Stored dataset items
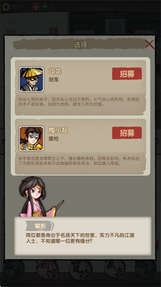 可招募“剑鬼”司龙和“魔枪”陶小超,两位均是名门出身的江湖人士,可根据战斗风格选择招募。
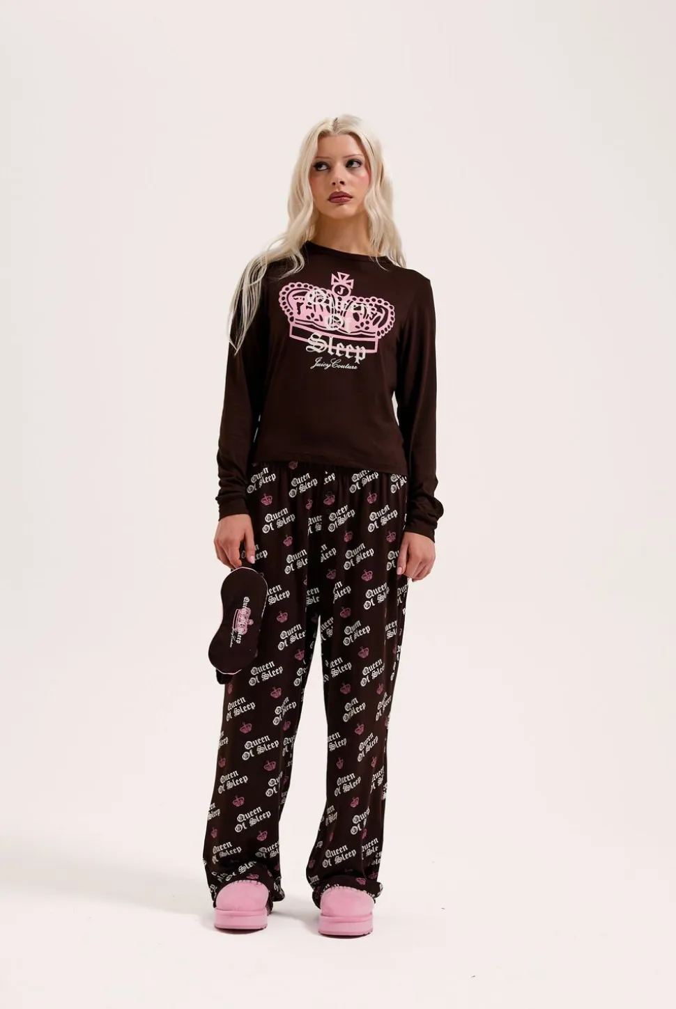 Peached jersey pyjamassæt med øjenmaske. Pyjamasbukser med fuldt slogantryk + langærmet topsæt med Queen of Sleep-branding
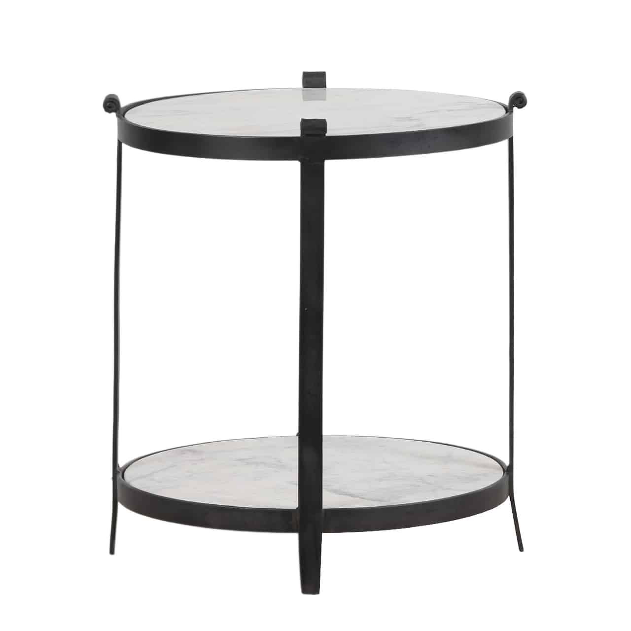 Arden round side table with marble top and shelf
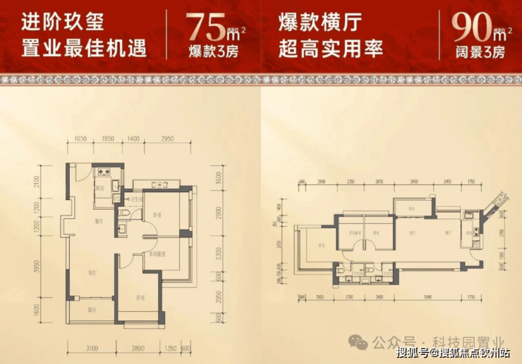 主力75-97㎡3 房、110-199㎡4 房,含赠送得房率85%-95%;75㎡做标准三房,空间利用率高,部分飘窗可打掉拓展。
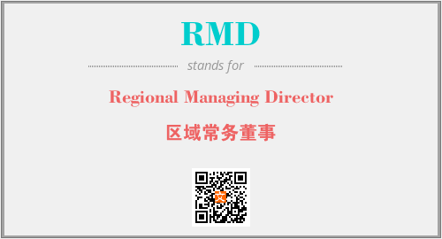 英文缩略词“RMD”经常作为“Regional Managing Director”的英文缩写来使用,中文表示:“区域常务董事”。本文将详细介绍英文缩写词RMD所代表英文单词,其对应的中文拼音、详细解释以及在英语中的流行度。此外,还有关于缩略词RMD的分类、应用领域及相关应用示例等。
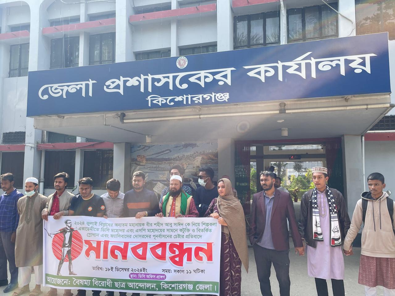 কিশোরগঞ্জে আবু সাঈদকে নিয়ে বিতর্কিত বক্তব্যের প্রতিবাদে মানববন্ধন
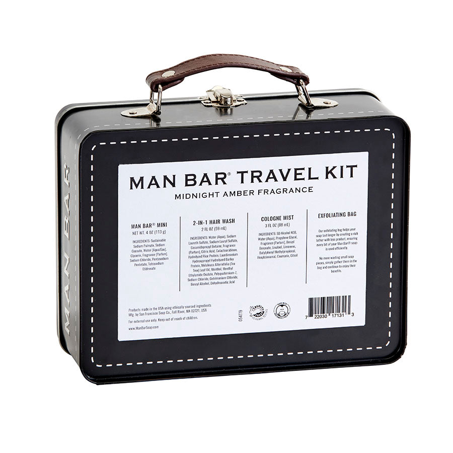 Man Bar Travel Kit includes TSA approved mini soap, 2-in-1 hair wash, cologne mist, exfoliating soap saver bag packed in a reusable tin with a leather-style handle.
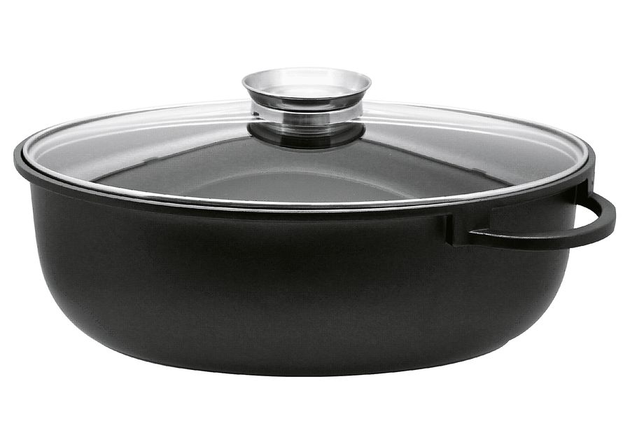 Aluminiumguss, Wandstärke ca. 2,8 mm, Bodenstärke ca. 5,0 mm, gelochter Induktionsboden, innen kratzfeste ELODUR® Select Antihaftversiegelung, außen Silikon Polyester beschichtet, eingearbeitete Seitenbeschlagteile aus Aluguss, Glasdeckel mit stoßfestem Edelstahlrand und Aromaknopf, für alle Herdarten geeignet, sehr leichte Reinigung, da nichts haften bleibt, gleichmäßige Wärmeverteilung bis zum Rand, spart Zeit und Energie, mit Glasdeckel backofenfest bis 180°C, ohne Glasdeckel bis 240°C, spülmaschinengeeignet, ohne PFAS·schwarz 7 l, (LxBxH): 38x25x13,4 cm
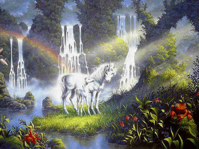 uni-mysticfalls.jpg 35275 Unicorn and colt by small waterfalls
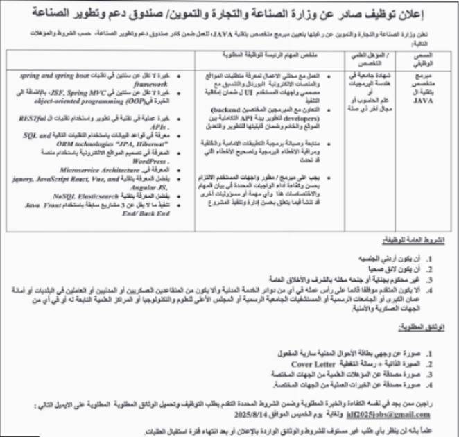 دعت وزارة الصناعة والتجارة، اليوم الاثنين عن حاجتها لتعبئة وظائف شاغرة.
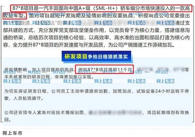 从友媒公布的这张一汽丰田内部文件内容来看,“87*B项目是其面向中国A+级轿车细分市场快速投入的一款高收益车型。”原文件中的这句话中有三个关键词,一个是“A+级”,一个是“快速投入”,另一个是“高收益车型”。

▶ TASK GOAL
Please give the entries above again exactly as written, leaving out any pictures.

▶ TASK SOLUTION
 可招募“剑鬼”司龙和“魔枪”陶小超,两位均是名门出身的江湖人士,可根据战斗风格选择招募。
 Peached jersey pyjamassæt med øjenmaske. Pyjamasbukser med fuldt slogantryk + langærmet topsæt med Queen of Sleep-branding
 Arden round side table with marble top and shelf
 主力75-97㎡3 房、110-199㎡4 房,含赠送得房率85%-95%;75㎡做标准三房,空间利用率高,部分飘窗可打掉拓展。
 英文缩略词“RMD”经常作为“Regional Managing Director”的英文缩写来使用,中文表示:“区域常务董事”。本文将详细介绍英文缩写词RMD所代表英文单词,其对应的中文拼音、详细解释以及在英语中的流行度。此外,还有关于缩略词RMD的分类、应用领域及相关应用示例等。
 কিশোরগঞ্জে আবু সাঈদকে নিয়ে বিতর্কিত বক্তব্যের প্রতিবাদে মানববন্ধন
 Man Bar Travel Kit includes TSA approved mini soap, 2-in-1 hair wash, cologne mist, exfoliating soap saver bag packed in a reusable tin with a leather-style handle.
 Aluminiumguss, Wandstärke ca. 2,8 mm, Bodenstärke ca. 5,0 mm, gelochter Induktionsboden, innen kratzfeste ELODUR® Select Antihaftversiegelung, außen Silikon Polyester beschichtet, eingearbeitete Seitenbeschlagteile aus Aluguss, Glasdeckel mit stoßfestem Edelstahlrand und Aromaknopf, für alle Herdarten geeignet, sehr leichte Reinigung, da nichts haften bleibt, gleichmäßige Wärmeverteilung bis zum Rand, spart Zeit und Energie, mit Glasdeckel backofenfest bis 180°C, ohne Glasdeckel bis 240°C, spülmaschinengeeignet, ohne PFAS·schwarz 7 l, (LxBxH): 38x25x13,4 cm
 uni-mysticfalls.jpg 35275 Unicorn and colt by small waterfalls
 دعت وزارة الصناعة والتجارة، اليوم الاثنين عن حاجتها لتعبئة وظائف شاغرة.
 从友媒公布的这张一汽丰田内部文件内容来看,“87*B项目是其面向中国A+级轿车细分市场快速投入的一款高收益车型。”原文件中的这句话中有三个关键词,一个是“A+级”,一个是“快速投入”,另一个是“高收益车型”。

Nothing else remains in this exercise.